Omit the pictures, then write out every entry exactly as it reads.
= Beginning of Section =
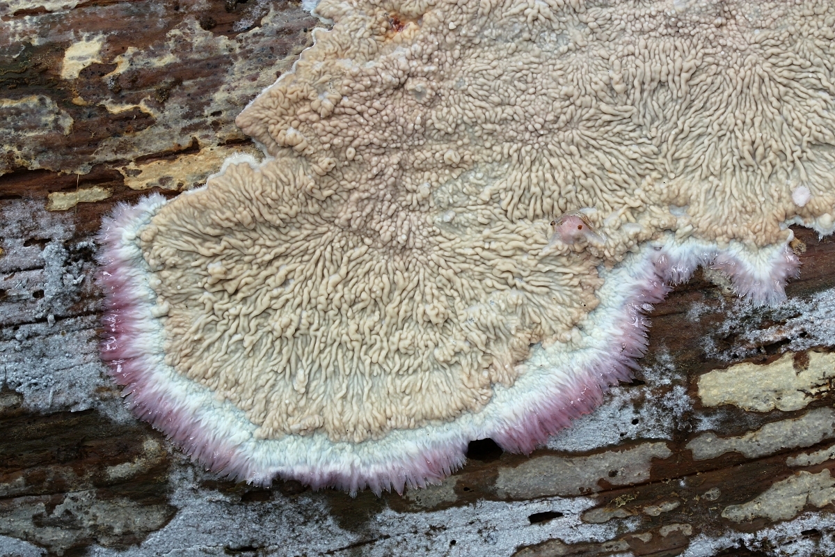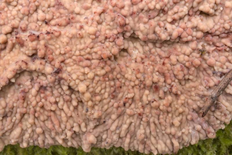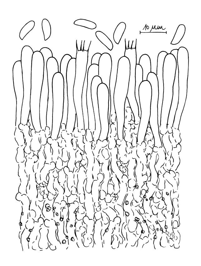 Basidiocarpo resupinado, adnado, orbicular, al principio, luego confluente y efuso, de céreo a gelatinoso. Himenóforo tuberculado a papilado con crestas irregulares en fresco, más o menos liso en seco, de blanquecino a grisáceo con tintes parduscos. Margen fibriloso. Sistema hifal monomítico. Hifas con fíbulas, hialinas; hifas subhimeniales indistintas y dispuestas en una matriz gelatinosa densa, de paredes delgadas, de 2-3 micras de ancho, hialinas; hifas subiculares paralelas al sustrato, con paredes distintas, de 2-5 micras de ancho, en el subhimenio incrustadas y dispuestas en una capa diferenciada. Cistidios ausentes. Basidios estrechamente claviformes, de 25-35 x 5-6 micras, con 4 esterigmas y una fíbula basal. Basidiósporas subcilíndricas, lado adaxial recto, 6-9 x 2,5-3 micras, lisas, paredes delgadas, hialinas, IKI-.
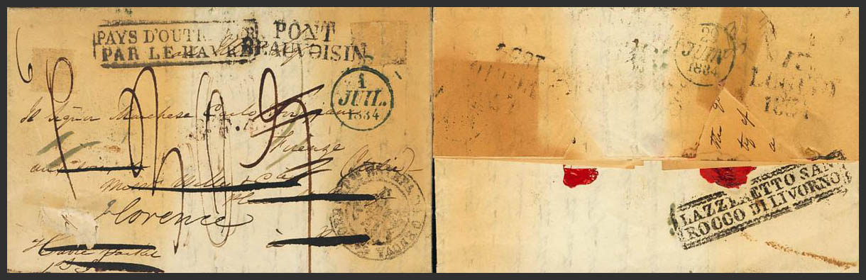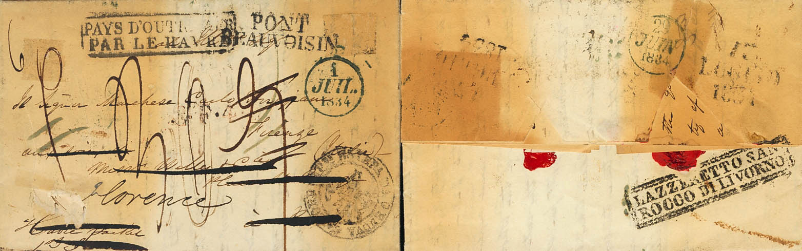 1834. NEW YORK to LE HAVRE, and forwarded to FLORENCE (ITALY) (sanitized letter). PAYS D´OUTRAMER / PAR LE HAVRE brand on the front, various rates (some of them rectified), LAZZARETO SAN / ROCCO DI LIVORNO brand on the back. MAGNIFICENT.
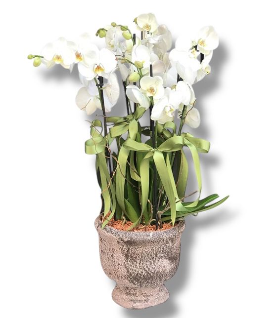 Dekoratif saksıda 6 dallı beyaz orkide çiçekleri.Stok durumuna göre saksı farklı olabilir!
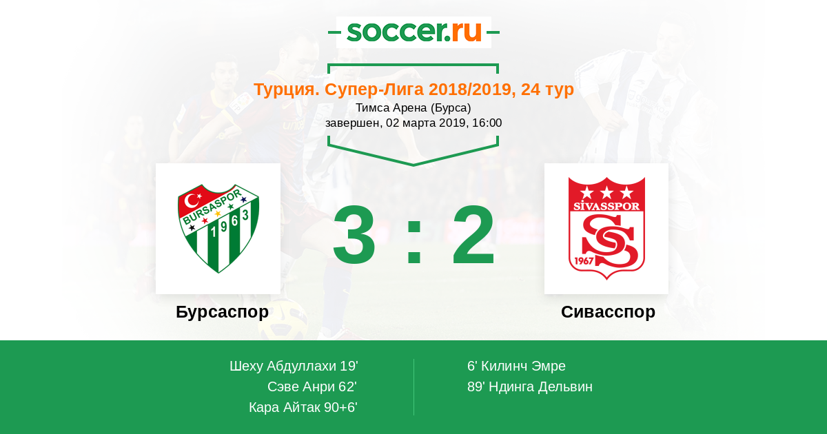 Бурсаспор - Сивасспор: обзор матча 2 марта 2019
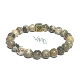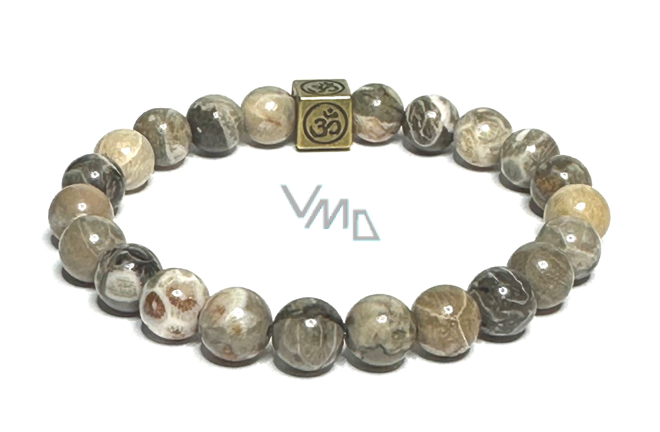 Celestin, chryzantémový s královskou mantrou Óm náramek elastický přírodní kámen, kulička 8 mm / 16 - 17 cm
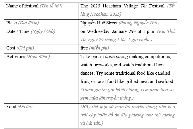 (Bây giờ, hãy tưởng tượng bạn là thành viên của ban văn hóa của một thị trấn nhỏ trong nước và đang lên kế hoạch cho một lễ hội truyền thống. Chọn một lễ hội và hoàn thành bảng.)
= End of Section =
Solution to the problem:
 Basidiocarpo resupinado, adnado, orbicular, al principio, luego confluente y efuso, de céreo a gelatinoso. Himenóforo tuberculado a papilado con crestas irregulares en fresco, más o menos liso en seco, de blanquecino a grisáceo con tintes parduscos. Margen fibriloso. Sistema hifal monomítico. Hifas con fíbulas, hialinas; hifas subhimeniales indistintas y dispuestas en una matriz gelatinosa densa, de paredes delgadas, de 2-3 micras de ancho, hialinas; hifas subiculares paralelas al sustrato, con paredes distintas, de 2-5 micras de ancho, en el subhimenio incrustadas y dispuestas en una capa diferenciada. Cistidios ausentes. Basidios estrechamente claviformes, de 25-35 x 5-6 micras, con 4 esterigmas y una fíbula basal. Basidiósporas subcilíndricas, lado adaxial recto, 6-9 x 2,5-3 micras, lisas, paredes delgadas, hialinas, IKI-.
 1834. NEW YORK to LE HAVRE, and forwarded to FLORENCE (ITALY) (sanitized letter). PAYS D´OUTRAMER / PAR LE HAVRE brand on the front, various rates (some of them rectified), LAZZARETO SAN / ROCCO DI LIVORNO brand on the back. MAGNIFICENT.
 Dekoratif saksıda 6 dallı beyaz orkide çiçekleri.Stok durumuna göre saksı farklı olabilir!
 Бурсаспор - Сивасспор: обзор матча 2 марта 2019
 Celestin, chryzantémový s královskou mantrou Óm náramek elastický přírodní kámen, kulička 8 mm / 16 - 17 cm
 (Bây giờ, hãy tưởng tượng bạn là thành viên của ban văn hóa của một thị trấn nhỏ trong nước và đang lên kế hoạch cho một lễ hội truyền thống. Chọn một lễ hội và hoàn thành bảng.)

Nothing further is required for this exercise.